Public secondary school in Los Angeles, California, United States

Manual Arts High School is a secondary public school in Los Angeles, California, United States.

==History==

Manual Arts High School was founded in 1910 in the middle of bean fields, one-half mile from the nearest bus stop. It was the third high school in Los Angeles, California after Los Angeles High School and L.A. Polytechnic High School, and is the oldest high school still on its original site in the Los Angeles Unified School District.

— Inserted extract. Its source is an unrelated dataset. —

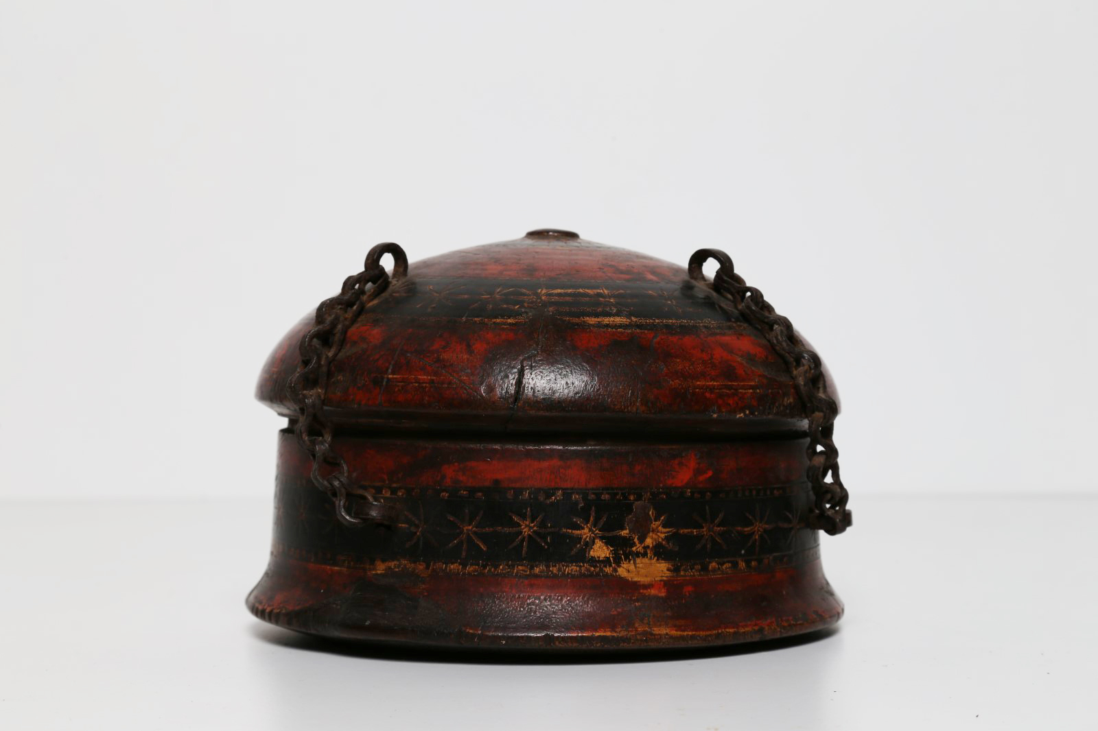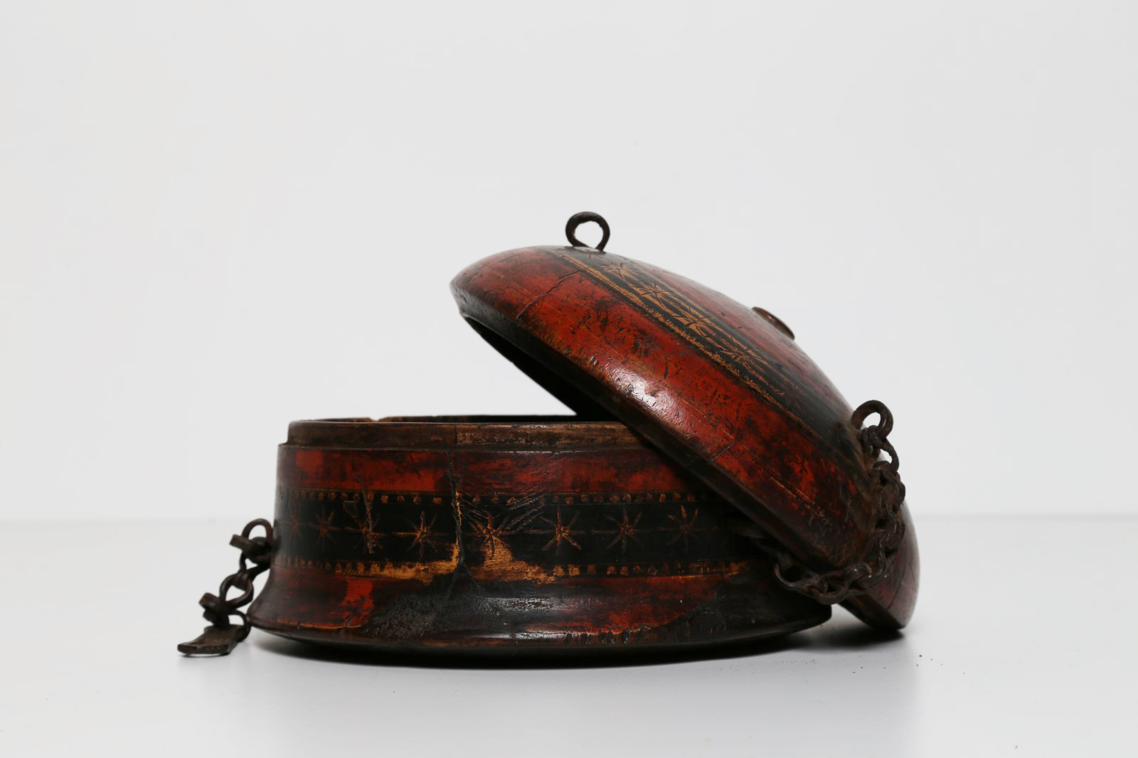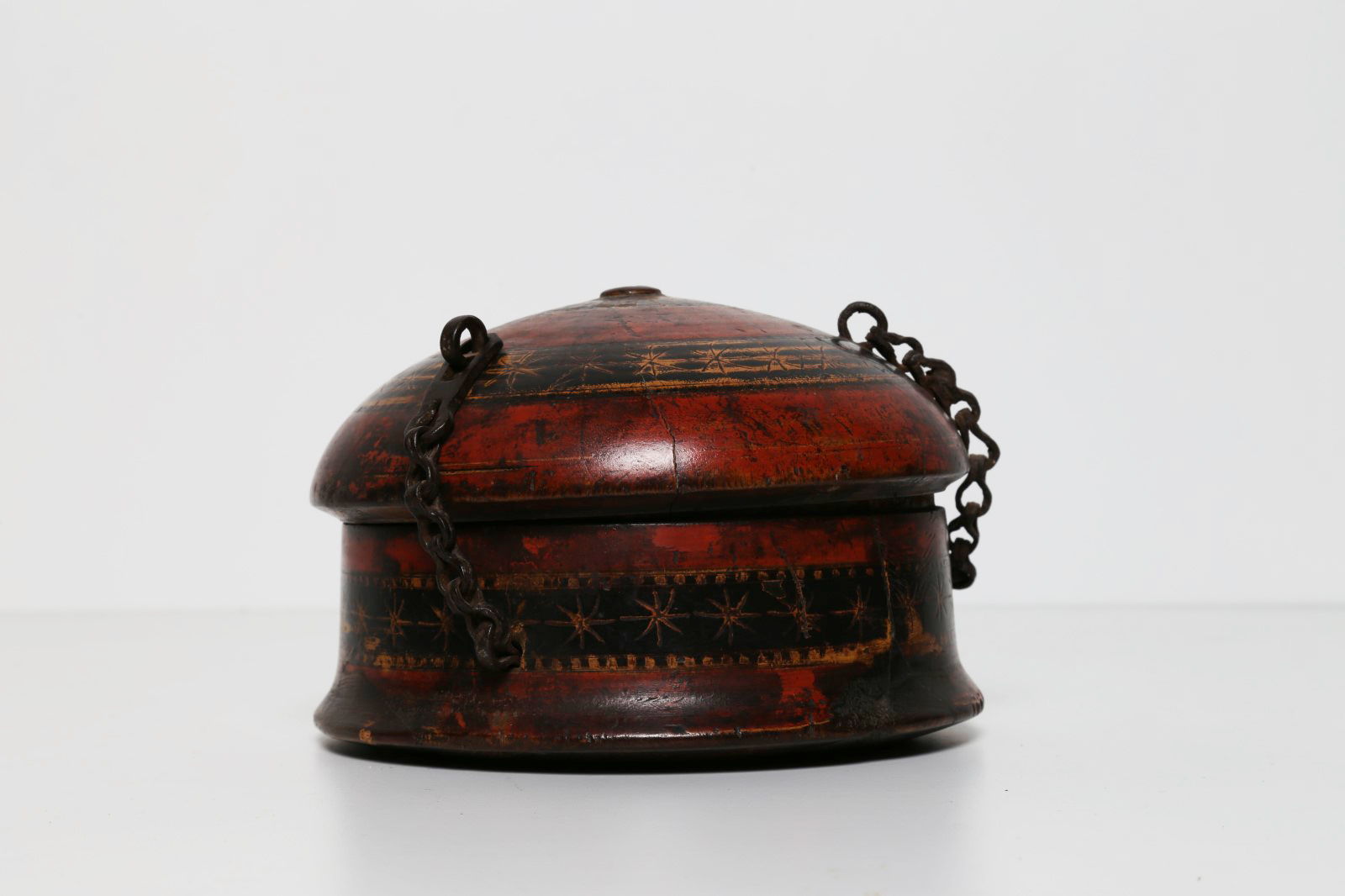 Arte Indiana Scatola porta turbante in legno laccato India, Rajasthan, inizio...

The school that would eventually become Lincoln High had been founded decades earlier but was still an elementary school at this time.

One of the school's first teachers was Ethel Percy Andrus (1911 - 1915). In 1916 Dr. Andrus became California's first female high school principal at Lincoln High School in East Los Angeles. She later founded AARP.

After three semesters in an abandoned grammar school building, Manual Arts High School was opened on Vermont Avenue. After the 1933 Long Beach earthquake, the entire campus was rebuilt, constituting the present Manual Arts High School campus adjacent to the Los Angeles Memorial Coliseum and USC.

It was in the Los Angeles City High School District until 1961, when it merged into LAUSD.

In 1995, "The Arts" became a Pacific Bell Education First Demonstration Site joining thirteen other demonstration sites in California, and in 1996 the school was named a California Distinguished School. In 1998, Manual Arts was officially granted Digital High School status.

The 2005–2006 school year opened with small learning communities (SLCs), three on each track totaling nine SLCs. Manual Arts was relieved by the opening of Santee Education Complex in 2005.

===West Adams High School===
The school was relieved in 2007 when West Adams Preparatory High School opened. During the same year, a section of the Manual Arts attendance zone was transferred to Belmont High School.

In July 2008, the school became part of MLA Partner Schools through LAUSD's newly created iDesign Schools Division. MLA Partner Schools, in collaboration with West Ed, will operate Manual Arts on a 5-year performance contract approved by the LAUSD School Board.

The school was expected be relieved by Central Region High School 16 (which became Dr. Maya Angelou High School (Los Angeles, California)) when that school opened in 2011, and by Augustus Hawkins High School when that school opens in 2012.

In the 2011–2012 school year, Manual Arts will return to a traditional school calendar schedule. As a result, several of the school's small learning communities will be restructured and the number of security on campus will be reduced. The 'Blewett Football Field is named in honor of James Blewett who was a standout Manual Arts football player and longtime Head coach with 9 Los Angeles City titles and 225 wins.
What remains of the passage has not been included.